Source records:

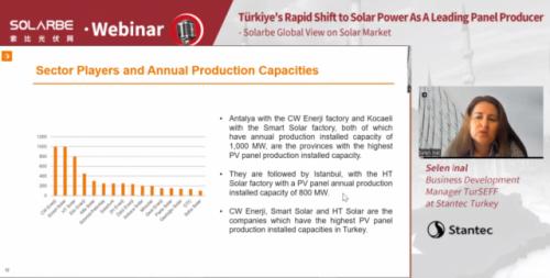 针对太阳能电池板的发展情况,伊娜介绍了当地制造商的发展和产能。其中,因为安塔利亚的CW Enerji工厂和科卡利的智能太阳能工厂,这两个省份的年装机容量都有1GW,是太阳能电池板装机容量最高的省份。根据她的介绍,目前市面上大约16家公司在2020年上半年将光伏板的生产能力提高到每年5.6GW,加上额外的产能,以及其他小企业和新入局公司,每年可达8GW。目前电池产能估计为每年1.13GW,硅片500MW,硅锭500MW。
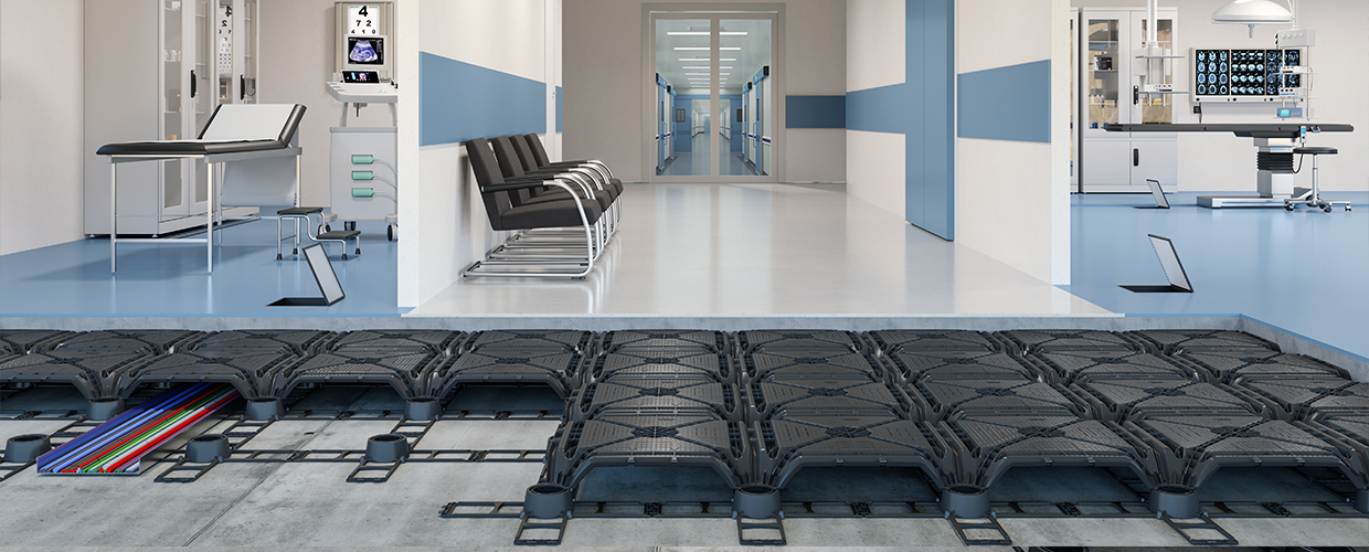 Matrix proporciona acceso máximo a los sistemas MEP. Con tan solo 15 cm de altura total, Matrix crea el paso para las instalaciones de 10–12 cm de altura y 30–40 de ancho.
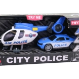 Geniet van het speelplezier met dit model van een helikopter met politiewagen. De helikopter heeft een werkende rotor en is ideaal om binnen of buiten mee te spelen.
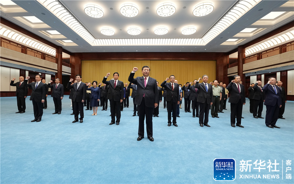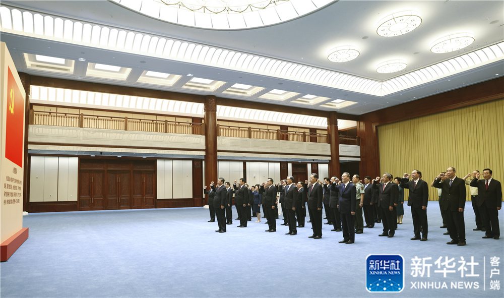 6月18日,黨和國家領(lǐng)導(dǎo)人習(xí)近平、李克強、栗戰(zhàn)書、汪洋、王滬寧、趙樂際、韓正、王岐山等在中國共產(chǎn)黨歷史展覽館參觀“‘不忘初心、牢記使命’中國共產(chǎn)黨歷史展覽”。這是參觀結(jié)束后,習(xí)近平帶領(lǐng)黨員領(lǐng)導(dǎo)同志一起重溫入黨誓詞。新華社記者 鞠鵬 攝
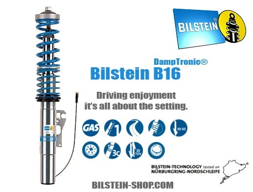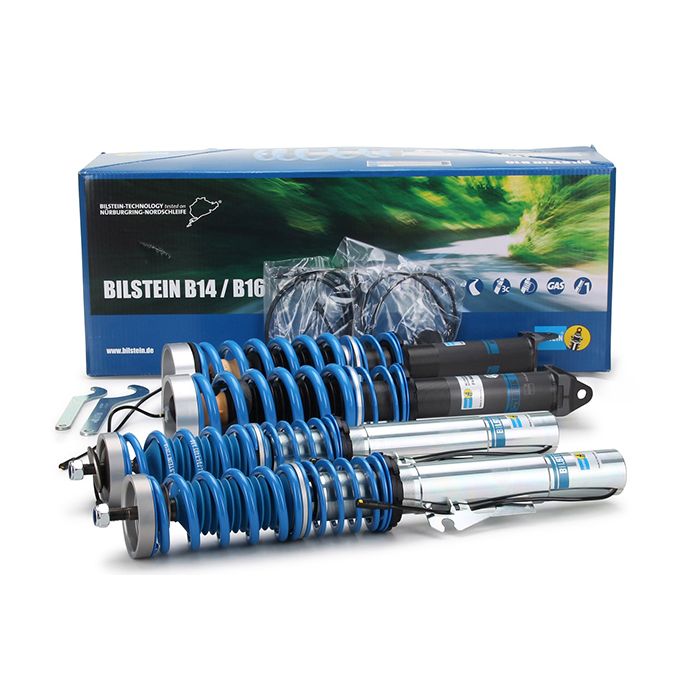 The Bilstein B16 suspension kits (DampTronic) feature ground clearance adjustment with shock absorbers compatible with OE electronic damping systems. All active features of the factory electronic suspension, along with the factory controls, will be retained with the installation of this kit. These kits offer high performance monotube shock absorbers with matching springs tuned for each specific application. The zinc coated and threaded body design will give you the flexibility to find the perfect ground clearance setting for your intended use, while providing unsurpassed protection against the toughest road elements. The B16 suspension kits (DampTronic) are made in Germany and feature technology tested on the famous Nurburgring.
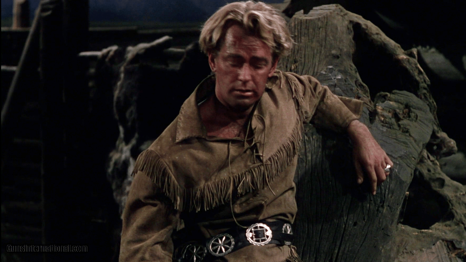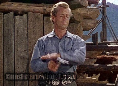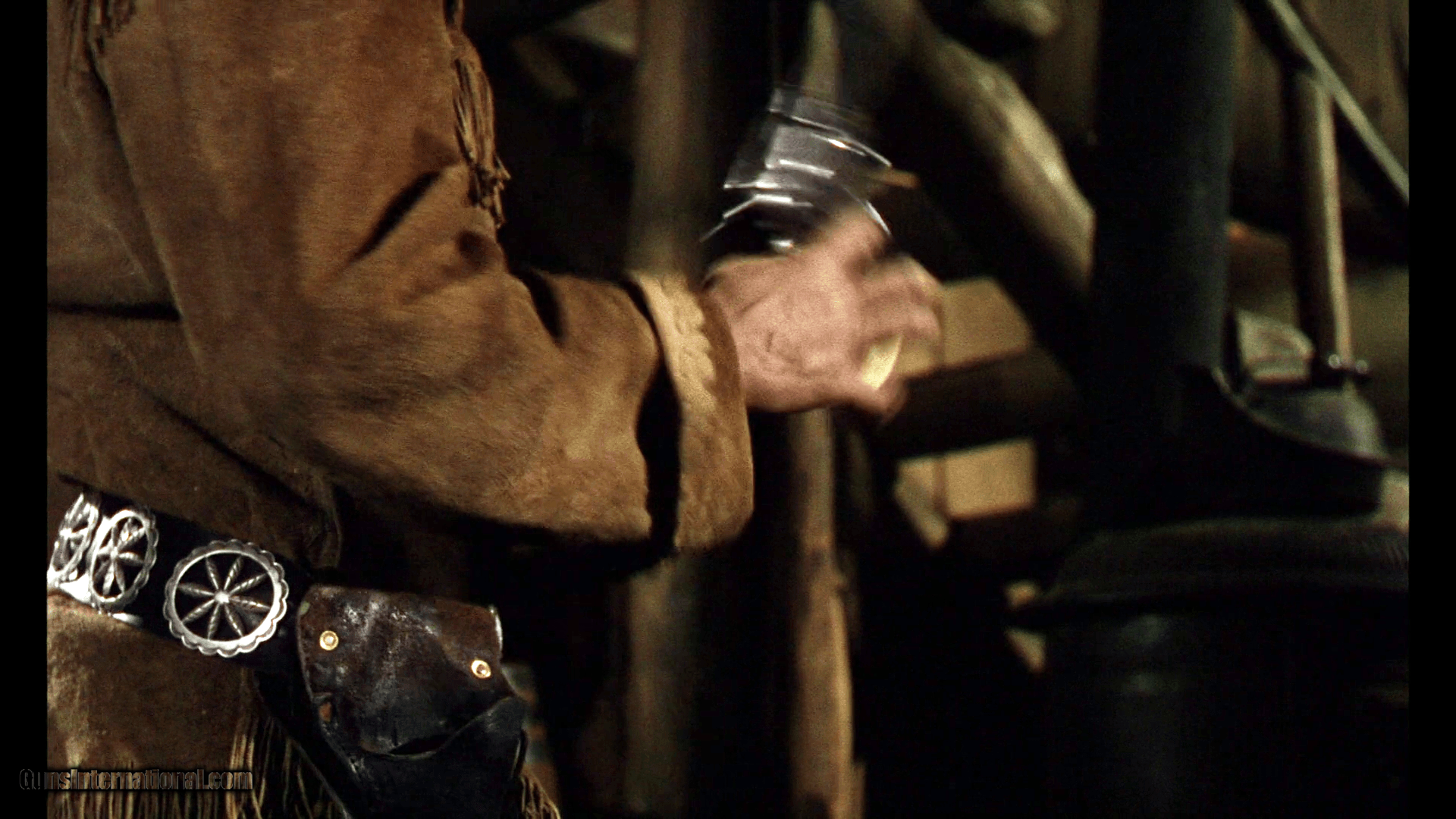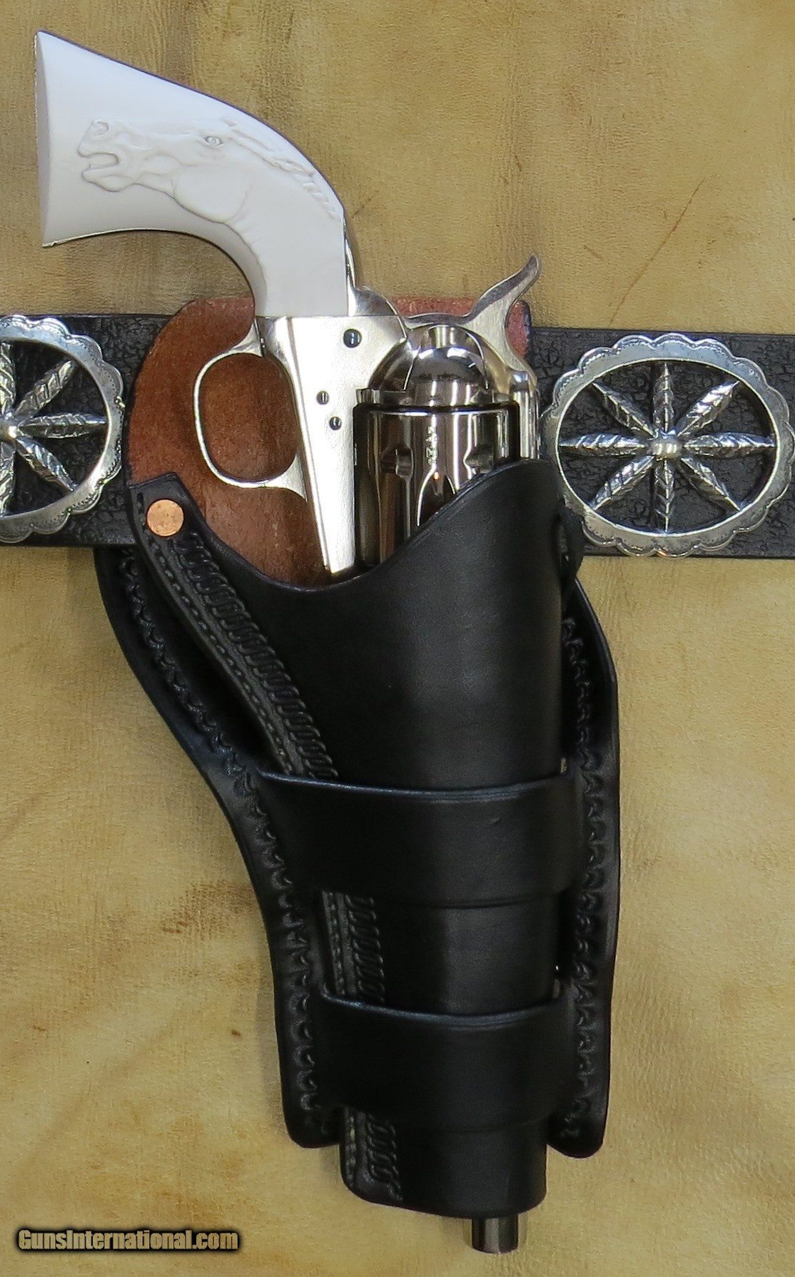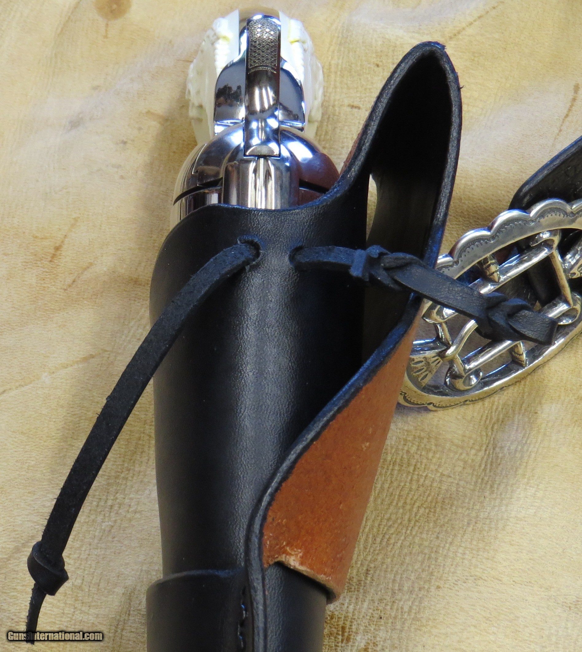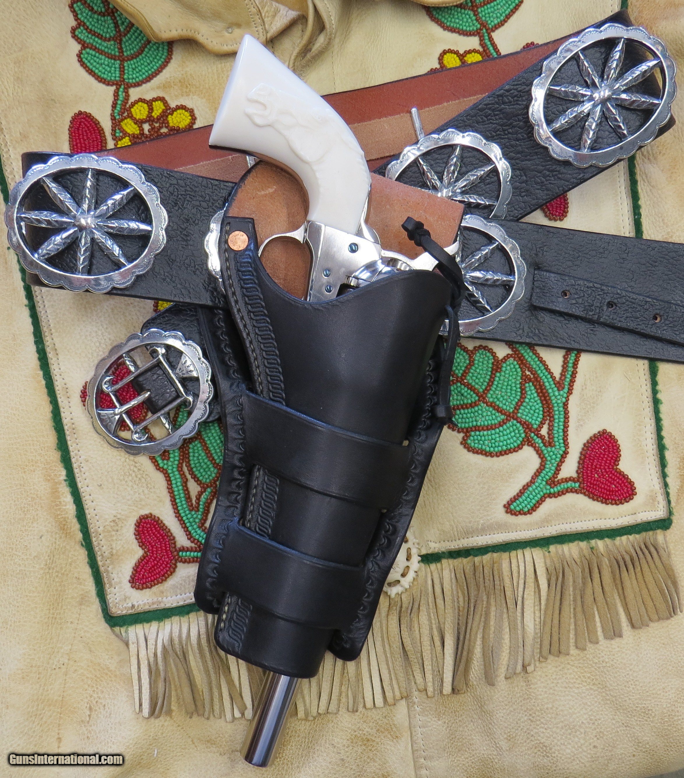 Description: Sold, but a Grand Teton Rig can still be custom made for you! GUN AND BEADED UTE BUCKSKIN SHIRT NOT INCLUDED! I currently have a set of ten sterling silver conchos and one sterling silver buckle. I can make a Grand Teton Rig to fit any weapon and any belt length. A Grand Teton Rig with this sterling silver hardware can be made for $2400, plus shipping and insurance. Will Ghormley's Grand Teton Rig is the most accurate reproduction of the rig worn by Alan Ladd in the 1953 movie "Shane". This is due in part to Ghormley's extensive research. But Alan Ladd's son David also contributed photos, measurements, and family stories about the rig. This gave Ghormley access to details unavailable to every other craftsman making replicas. The belt handed down to David from his father, and worn by Alan Ladd's granddaughter Shane, is missing the original holster and buckle. But Ghormley was able to recreate a duplicate to the original buckle that is now worn on the original belt. The attention to detail can be seen in the photo comparing one of the original conchos on Alan Ladd's belt with one of the concho reproductions by Ghormley. David Ladd didn't want any hardware made identical to the originals to discourage people from claiming reproductions were originals from the movie. A close-up of Ghormley's concho reveals the small details distinguish Ghormley's reproductions from the originals. Also, the back side of the conchos and buckle bear Ghormley's name, copyright, and date. A close-up of the buckle now on Alan Ladd's belt, also shows the distressed surface of the leather. This surface texture is reproduced by Ghormley on the Grand Teton Rigs he makes. The unique billet of Ladd's belt is reproduced with an adjustable billet and chape to keep the distance between the buckle and the conchos on each side of the buckle equal (something that wasn't done on the three or more belts used by Ladd in the movie). At least one of the rigs used for the movie had the holster riveted to the light-weight belt. Perhaps this was to keep the leather from rolling down from the weight of the weapon. But it might have been to keep the holster from riding up on the belt while the gun was being drawn in action shots. A close-up from the movie shows the rivets not seen on other rigs, as Rodd Redwing twirls the gun as Ladd's gun-handling double. The movie holster was built to fit a Colt 1873 Single Action Army with a 5 1/2" barrel. It carried a nickel plated SAA with the trigger and front sight removed, and a 7 1/2" barrel that stuck out through the toe. The weapon could only be fired by fanning the hammer. However, a double action Colt Model 1909 was modified to look like the SAA, and Ladd used this weapon in the shootout scenes in the saloon while going through the motion of fanning the hammer. Presumably the M1909 was carried in a different holster. Ladd can be seen carrying the weapon nestled down in the holster when it wasn't being used during a scene. But in sequences where the gun would be drawn, the holster was tight enough the weapon could be staged in the holster with the trigger guard completely out of the holster. The hero-holster also had a horizontally mounted hammer thong to retain the weapon. Along the main-stem of the holster was a repeated "S" stamp which Ghormley has replicated. All details have been carefully researched for the most accurate reproduction being made. No "Shane" rig currently being manufacture carries with it the provenance or connection with Alan Ladd or the movie. Ghormley's museum quality reproductions and originals are sought after and valued around the globe. His "Hand of God" gun rig created for Russell Crowe in the remake of "3:10 to Yuma", has become an iconic modern classic. Ghormley will only make a handful of sterling silver Grand Teton Rigs in his lifetime. This one could be custom made for you and become an instant collectable. It will take about four weeks from the time the order is received till the custom-made Grand Teton Rig is ready for shipping. SOLD |

EXERCISE BRIEF
None of the pictures should appear, though every line of the data above must be reproduced exactly.

ANSWER TO THIS PROBLEM
 针对太阳能电池板的发展情况,伊娜介绍了当地制造商的发展和产能。其中,因为安塔利亚的CW Enerji工厂和科卡利的智能太阳能工厂,这两个省份的年装机容量都有1GW,是太阳能电池板装机容量最高的省份。根据她的介绍,目前市面上大约16家公司在2020年上半年将光伏板的生产能力提高到每年5.6GW,加上额外的产能,以及其他小企业和新入局公司,每年可达8GW。目前电池产能估计为每年1.13GW,硅片500MW,硅锭500MW。
 Matrix proporciona acceso máximo a los sistemas MEP. Con tan solo 15 cm de altura total, Matrix crea el paso para las instalaciones de 10–12 cm de altura y 30–40 de ancho.
 Geniet van het speelplezier met dit model van een helikopter met politiewagen. De helikopter heeft een werkende rotor en is ideaal om binnen of buiten mee te spelen.
 6月18日,黨和國家領(lǐng)導(dǎo)人習(xí)近平、李克強、栗戰(zhàn)書、汪洋、王滬寧、趙樂際、韓正、王岐山等在中國共產(chǎn)黨歷史展覽館參觀“‘不忘初心、牢記使命’中國共產(chǎn)黨歷史展覽”。這是參觀結(jié)束后,習(xí)近平帶領(lǐng)黨員領(lǐng)導(dǎo)同志一起重溫入黨誓詞。新華社記者 鞠鵬 攝
 The Bilstein B16 suspension kits (DampTronic) feature ground clearance adjustment with shock absorbers compatible with OE electronic damping systems. All active features of the factory electronic suspension, along with the factory controls, will be retained with the installation of this kit. These kits offer high performance monotube shock absorbers with matching springs tuned for each specific application. The zinc coated and threaded body design will give you the flexibility to find the perfect ground clearance setting for your intended use, while providing unsurpassed protection against the toughest road elements. The B16 suspension kits (DampTronic) are made in Germany and feature technology tested on the famous Nurburgring.
 Description: Sold, but a Grand Teton Rig can still be custom made for you! GUN AND BEADED UTE BUCKSKIN SHIRT NOT INCLUDED! I currently have a set of ten sterling silver conchos and one sterling silver buckle. I can make a Grand Teton Rig to fit any weapon and any belt length. A Grand Teton Rig with this sterling silver hardware can be made for $2400, plus shipping and insurance. Will Ghormley's Grand Teton Rig is the most accurate reproduction of the rig worn by Alan Ladd in the 1953 movie "Shane". This is due in part to Ghormley's extensive research. But Alan Ladd's son David also contributed photos, measurements, and family stories about the rig. This gave Ghormley access to details unavailable to every other craftsman making replicas. The belt handed down to David from his father, and worn by Alan Ladd's granddaughter Shane, is missing the original holster and buckle. But Ghormley was able to recreate a duplicate to the original buckle that is now worn on the original belt. The attention to detail can be seen in the photo comparing one of the original conchos on Alan Ladd's belt with one of the concho reproductions by Ghormley. David Ladd didn't want any hardware made identical to the originals to discourage people from claiming reproductions were originals from the movie. A close-up of Ghormley's concho reveals the small details distinguish Ghormley's reproductions from the originals. Also, the back side of the conchos and buckle bear Ghormley's name, copyright, and date. A close-up of the buckle now on Alan Ladd's belt, also shows the distressed surface of the leather. This surface texture is reproduced by Ghormley on the Grand Teton Rigs he makes. The unique billet of Ladd's belt is reproduced with an adjustable billet and chape to keep the distance between the buckle and the conchos on each side of the buckle equal (something that wasn't done on the three or more belts used by Ladd in the movie). At least one of the rigs used for the movie had the holster riveted to the light-weight belt. Perhaps this was to keep the leather from rolling down from the weight of the weapon. But it might have been to keep the holster from riding up on the belt while the gun was being drawn in action shots. A close-up from the movie shows the rivets not seen on other rigs, as Rodd Redwing twirls the gun as Ladd's gun-handling double. The movie holster was built to fit a Colt 1873 Single Action Army with a 5 1/2" barrel. It carried a nickel plated SAA with the trigger and front sight removed, and a 7 1/2" barrel that stuck out through the toe. The weapon could only be fired by fanning the hammer. However, a double action Colt Model 1909 was modified to look like the SAA, and Ladd used this weapon in the shootout scenes in the saloon while going through the motion of fanning the hammer. Presumably the M1909 was carried in a different holster. Ladd can be seen carrying the weapon nestled down in the holster when it wasn't being used during a scene. But in sequences where the gun would be drawn, the holster was tight enough the weapon could be staged in the holster with the trigger guard completely out of the holster. The hero-holster also had a horizontally mounted hammer thong to retain the weapon. Along the main-stem of the holster was a repeated "S" stamp which Ghormley has replicated. All details have been carefully researched for the most accurate reproduction being made. No "Shane" rig currently being manufacture carries with it the provenance or connection with Alan Ladd or the movie. Ghormley's museum quality reproductions and originals are sought after and valued around the globe. His "Hand of God" gun rig created for Russell Crowe in the remake of "3:10 to Yuma", has become an iconic modern classic. Ghormley will only make a handful of sterling silver Grand Teton Rigs in his lifetime. This one could be custom made for you and become an instant collectable. It will take about four weeks from the time the order is received till the custom-made Grand Teton Rig is ready for shipping. SOLD |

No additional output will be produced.